0

I have a requirement to load various files (different type) into spark data frame. Are all these file formats supported by Databricks? If yes, where can I get the list of options supported for each file format?

delimited
csv
parquet
avro
excel
json

Thanks

Jacek Laskowski
  • 72,696
  • 27
  • 242
  • 420
Garipaso
  • 391
  • 2
  • 8
  • 22

2 Answers2

1

I don't know exactly what Databricks offers out of the box (pre-installed), but you can do some reverse-engineering using org.apache.spark.sql.execution.datasources.DataSource object that is (quoting the scaladoc):

The main class responsible for representing a pluggable Data Source in Spark SQL

All data sources usually register themselves using DataSourceRegister interface (and use shortName to provide their alias):

Data sources should implement this trait so that they can register an alias to their data source.

Reading along the scaladoc of DataSourceRegister you'll find out that:

This allows users to give the data source alias as the format type over the fully qualified class name.

So, YMMV.

Unless you find an authoritative answer on Databricks, you may want to (follow DataSource.lookupDataSource and) use Java's ServiceLoader.load method to find all registered implementations of DataSourceRegister interface.

// start a Spark application with external module with a separate DataSource
$ ./bin/spark-shell --packages org.apache.spark:spark-sql-kafka-0-10_2.11:2.3.0-SNAPSHOT

import java.util.ServiceLoader
import org.apache.spark.sql.sources.DataSourceRegister

val formats = ServiceLoader.load(classOf[DataSourceRegister])

import scala.collection.JavaConverters._
scala> formats.asScala.map(_.shortName).foreach(println)
orc
hive
libsvm
csv
jdbc
json
parquet
text
console
socket
kafka

Where can I get the list of options supported for each file format?
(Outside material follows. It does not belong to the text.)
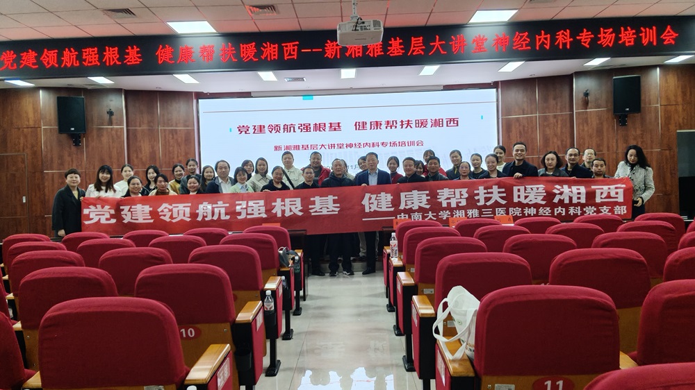 11月29日至30日,中南大学湘雅三医院神经内科党支部赴湘西土家族苗族自治州人民医院,开展以“党建领航强根基,健康帮扶暖湘西”为主题的学术交流与党建主题活动。活动在神经内科主任张如旭的指导下,由本年度的对口支援专家郑文副教授统筹联络。由宋治教授带队,侯德仁教授、范学军教授、袁毅教授、刘鼎副教授、谷绍娟副教授等专家组成的医护团队20余人,利用周末时间在当地举办了“新湘雅基层大讲堂神经内科专场培训会”。
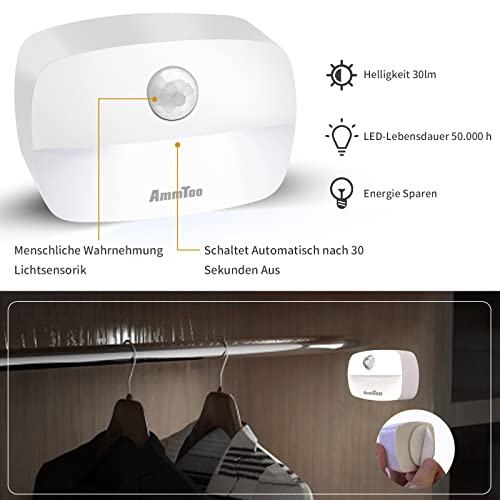 ❤ 【 AmmToo luce notturna con sensore di movimento】La luce notturna del sensore di movimento AmmToo è appositamente progettata per rilevare i movimenti al buio, quando qualcuno passa all'interno del raggio di rilevamento (3-5 metri) e la luce notturna si accende naturalmente, si spegne dopo 30 secondi (no viene rilevato il movimento).

That's not possible as there is no API to follow (like in Spark MLlib) to define options. Every format does this on its own...unfortunately and your best bet is to read the documentation or (more authoritative) the source code.

Jacek Laskowski
  • 72,696
  • 27
  • 242
  • 420
-1

All these formats are supported by Spark, for Excel files you can use spark-excel library.